KU Students Build Passive Solar House
For around $250,000, KU students designed and built a passive solar house while participating in Studio 804 program within the School of Architecture, Design and Planning.
(via CJ Online)
Abi Davis knew she wanted to be an architect at an early age. It was a field in which she could combine her love of math, science and art. She already had her sights set on studying at the University of Kansas, but once she was on campus, she learned about Studio 804, a hands-on approached to learning architectural skills.
Davis was among the 10 graduate students who designed and recently finished building a 1,300-square-foot passive solar house in East Lawrence as part of KU’s Department of Architecture’s Studio 804 program. The students worked under the supervision of Dan Rockhill, a KU architecture professor who directs the program.
Davis, who earned a master’s degree in architecture in mid-May and whose specialty is architectural acoustics, said she learned to hang drywall and build steel screens and gained confidence in her physical ability to do other tasks. She and the other students also had to learn to communicate with each other, blend their ideas and come to a consensus.
“I saw things larger than life go up in front of my eyes,” said Davis, who will begin working this month as a consultant in Santa Monica, Calif. “It was a once-in-a-lifetime experience.”
Construction started in August and was completed in early May. The house maintains Studio 804’s high level of sustainable design, while remaining contextually sensitive to the neighborhood.
“This is all sustainable,” Rockhill said at a recent viewing of the passive solar house. “We have an obligation to the world to (move toward) sustainability.”
The Studio 804 structure’s steel exterior is reminiscent of the steel Lustron houses developed in the United States after World War II in response to the lack of housing for returning veterans. The insulated metal panels used to build the house were left over from the construction of the tennis center at Rock Chalk Park, on the west edge of Lawrence.
The house uses passive strategies for lighting and sun shading. The bedrooms, kitchen and living room are arranged along the south wall to take advantage of natural lighting. A steel screening system on the south and west sides of the home enhances natural lighting.
The home’s open plan creates flex-spaces that can be reconfigured based on the owner’s needs. For example, the glass-enclosed area at the southwest corner of the house, which adjoins the kitchen, can be used as a dining room, solarium or reading room.
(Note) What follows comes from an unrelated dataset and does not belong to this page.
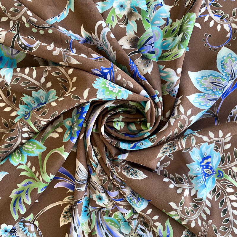 Креп-шифон натуральный К32-229 шоколадно-бирюзовый принтованный в Ухте

“The kitchen is the only permanent thing in the house,” said John Coughlin, a Studio 804 participant who earned his master’s degree in architecture in mid-May.
Other features include 9-foot-high ceilings, imported WaterSense-rated plumbing and Energy Star-compliant, Italian-made kitchen appliances. The kitchen’s red-oak European cabinets are topped with cold-rolled steel countertops. The floors are polished concrete, and the recessed lighting fixtures are fitted LEDs.
A hanging pendant in the dining room is an original Louis Paulsen fixture, crafted in Denmark and purchased for reuse in the project.
Because there is no attic or basement, Coughlin said, storage areas are built into the north side of the home’s hallway.
Insulation includes both rigid and blown-in cellulose that exceeds U.S. Green Building Council LEED-rating standards, which allows the house to have all-electric climate control, appliances and lighting. A net-metered photovoltaic solar array, consisting of 16 panels, is capable of providing 4.8 kilowatt-hours of power.
The price of the passive solar house, which sits on a 40-by-132-foot lot at 1330 Brook St., is $249,000. The adjacent lot north of the house can be purchased for $30,000. The additional lot could be used for a garage, studio, garden, orchard or another structure.
“That’s a bargain price,” Rockhill said. “If sold on the market, it would be twice that.”
The house, which is close to downtown Lawrence and is handicap-accessible, may be particularly attractive to those who are downsizing, he said.
If the adjacent lot isn’t sold, Rockhill said, the Studio 804 program may build a sustainable structure there next year.